* What to work on:
Return each line of the data below verbatim; pictures are to be left out.
##### Dataset content
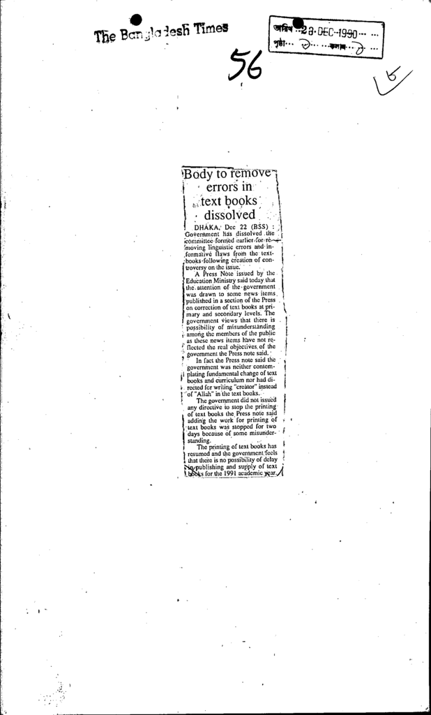 Body to remove errors in text books dissolved Published on Newspaper The Bangladesh Times Category Educational Ministry / Departments Education Board NCTB Education Ministry / Division / Directorate Download
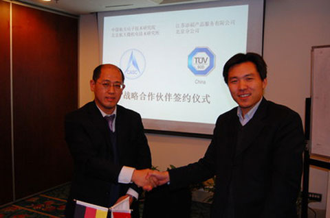 近期,TUV南德意志集团北京分公司与中国航天电子技术研究院北京航天微机电技术研究所(以下简称航天所),就民用产品功能安全认证签署了战略合作协议草签稿,为双方在人员培训、实验室合作、品牌推广授权、设计咨询、检测与认证等领域的深度合作打下的坚实的基础,标志着双方的合作迎来了一个新的里程碑。
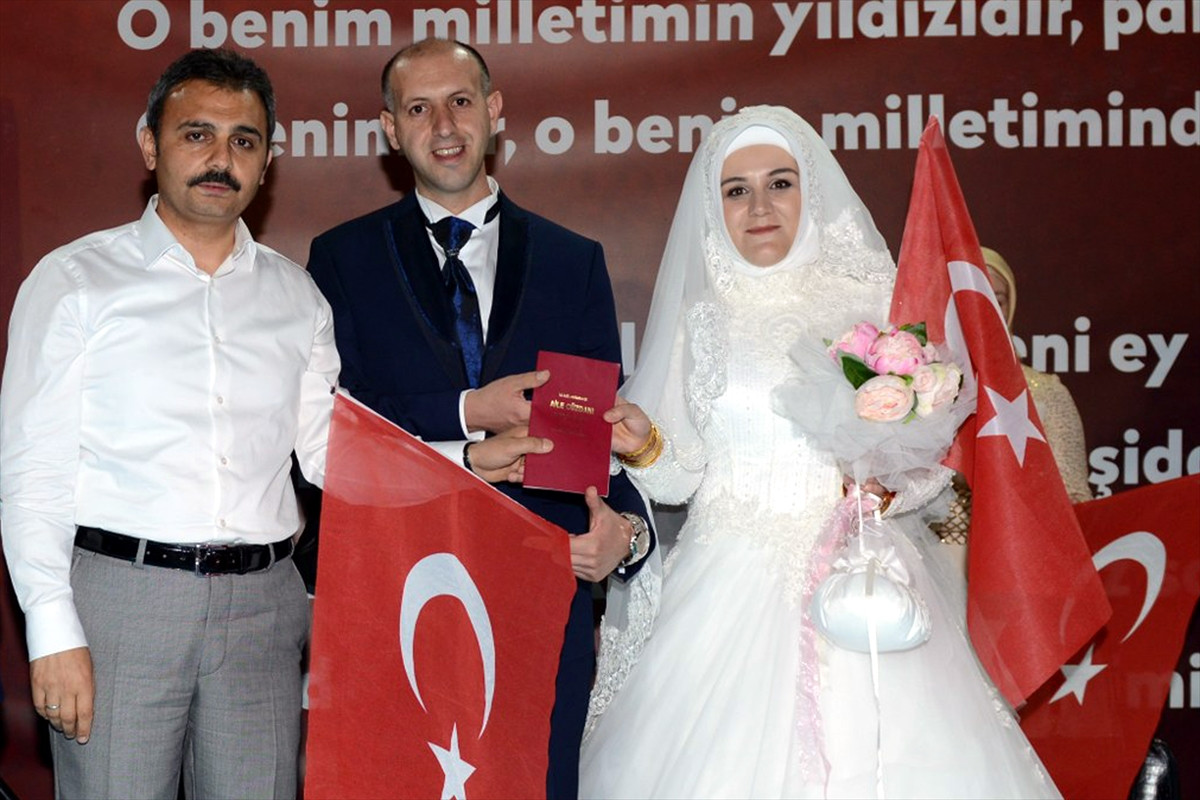 ÇORUM (AA) - Çorum'da düğünden çıktıktan sonra Fetullahçı Terör Örgütü'nün (FETÖ) darbe girişiminin ardından başlatılan demokrasi nöbetine katılan gelin ve damat, evlilik cüzdanlarını meydanda aldı.
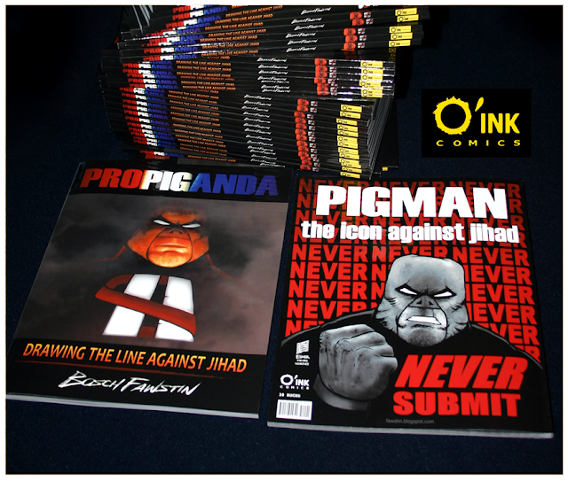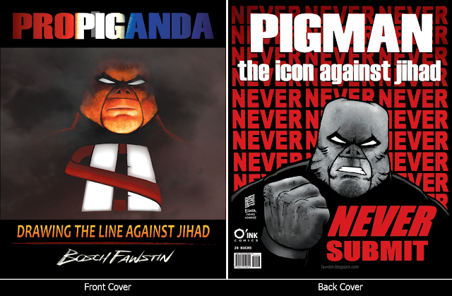 The book is square-bound, 9 x 11, 128 pages, 75 of them color, the rest black & white for $20. The book is filled with poster-type images of the main characters, mainly of Pigman, as well as a number of essays I've written on all things Islam and Jihad. This blog was meant to be a way to get myself out there while working on THE INFIDEL, so these images are now exclusive to this collection, though a few of them may end up as individual covers of The Infidel series.
##########
* Your solution:
 Body to remove errors in text books dissolved Published on Newspaper The Bangladesh Times Category Educational Ministry / Departments Education Board NCTB Education Ministry / Division / Directorate Download
 近期,TUV南德意志集团北京分公司与中国航天电子技术研究院北京航天微机电技术研究所(以下简称航天所),就民用产品功能安全认证签署了战略合作协议草签稿,为双方在人员培训、实验室合作、品牌推广授权、设计咨询、检测与认证等领域的深度合作打下的坚实的基础,标志着双方的合作迎来了一个新的里程碑。
 ÇORUM (AA) - Çorum'da düğünden çıktıktan sonra Fetullahçı Terör Örgütü'nün (FETÖ) darbe girişiminin ardından başlatılan demokrasi nöbetine katılan gelin ve damat, evlilik cüzdanlarını meydanda aldı.
 The book is square-bound, 9 x 11, 128 pages, 75 of them color, the rest black & white for $20. The book is filled with poster-type images of the main characters, mainly of Pigman, as well as a number of essays I've written on all things Islam and Jihad. This blog was meant to be a way to get myself out there while working on THE INFIDEL, so these images are now exclusive to this collection, though a few of them may end up as individual covers of The Infidel series.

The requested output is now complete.